Thermoregulatory behaviour and microhabitat use by Dune Larks in the Namib Sand Sea

Abstract

The thermoregulation of small birds that inhabit desert environments, can provide insights into the use of behaviour patterns and microhabitats for daily survival. The only bird species endemic to Namibia, the Dune Lark (Calendulauda erythrochlamys), is non-drinking, ground foraging, and range- restricted to the Namib Sand Sea, one of the most hyper-arid areas on earth.
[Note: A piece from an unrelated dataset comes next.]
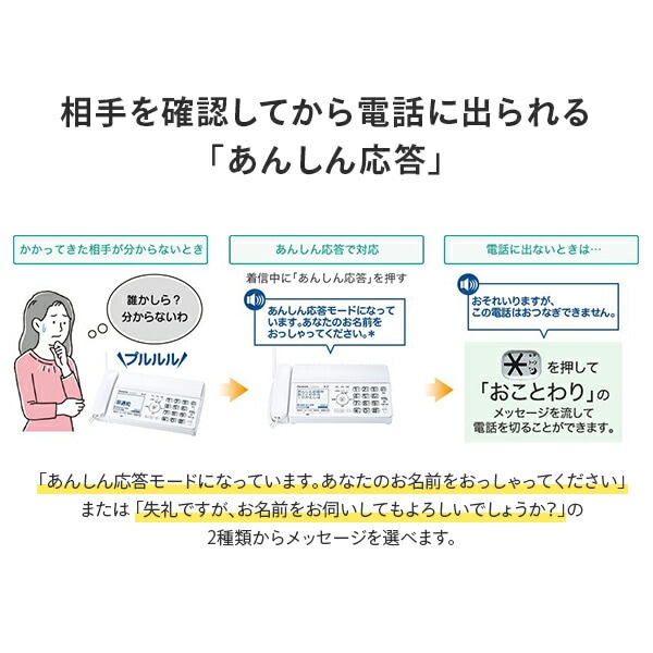 YAMAZEN ヤマゼン 山善 通販 パナソニック Panasonic コードレス電話機 固定電話 留守番電話機 電話帳 振り込め詐欺 オレオレ詐欺 給付金詐欺 撃退 着信拒否 子機 録音 自動録音 セールス 安心 保留 非通知 内線 フリーダイヤル ナンバーディスプレイ 敬老の日 老人 見守り 白 簡単 おすすめ 見やすい 大文字 大画面 高齢者向け 特殊詐欺防止 電話機 音声案内 防犯対策 受話器 通話 録音 ファックス ファクス ファクシミリ FAX 一人暮らし R5L48

This study aimed to identify the air and sand surface temperature (Tair and Tsand) thresholds associated with Dune Lark daily behaviour and microhabitat use. Copper operative temperature models recorded temperature in the sun and shade throughout the study period and continuous ±20 min behavioural observations of wild, free-ranging Dune Larks were recorded in the summer of 2019–2020. The relationship between maximum temperature and mass change was investigated using Dune Larks habituated to stand on scales for a food reward. Operative temperatures were assessed in sun and shade microhabitats and used to calculate expected evaporative water loss. Dune Lark future persistence in the area was evaluated using these estimates, local historical weather records, and the current and future dune vegetation distributions of MaxEnt models.

All investigated Dune Lark behaviours were strongly linked to Tsand. As Tsand increased, so did the observed proportions of time spent occupying shade [Shade50sand = 41 °C (the Tsand for 50% shade occupation)], perching off the ground (OffG10sand = 49.9 °C), wing drooping (Wing50sand = 58.9 °C), and resting (Rest50sand = 58.8 °C). The time spent foraging decreased with increasing Tsand (For50sand = 24.3 °C). Surprisingly, Tair was only significantly related to wing drooping behaviour (Wing50air = 35.3 °C). In addition, the absolute morning body mass of the Dune Larks was significantly negatively related to the maximum air temperature of the previous day.

Dune Larks were found to rely on shaded microhabitats provided by dune vegetation (mainly Stipagrostis sabulicola) for more than 75% of the time between 13:00–16:00. From 10:00–15:00, operative temperatures in the sun were 8.6 °C higher than those in the shade on average days and they were 10.7 °C higher on days with maximum air temperatures >35 °C (hot days). If Dune Larks remained in the sun, they would exceed estimated lethal dehydration tolerance limits, even on average days. Combined, these results confirm that Dune Larks are critically reliant on shade from dune vegetation under current temperatures.

Air temperatures in southwestern Africa are expected to increase by 2–4 °C by 2100. This study indicates that Dune Larks are likely to tolerate a 2 °C increase on average days with current habitat- use patterns. However, on hot days, even in full shade, they would be exposed to lethal levels of dehydration. Under a 4 °C increase, Dune Larks in full shade would reach near-lethal dehydration levels even on average days. Therefore, despite the mitigating effects of shaded microhabitats (which are expected to decrease), Dune Larks are unlikely to persist in the central northern Namib Sand Sea if temperatures rise, without resorting to distribution shifts, local migration, or local extinction.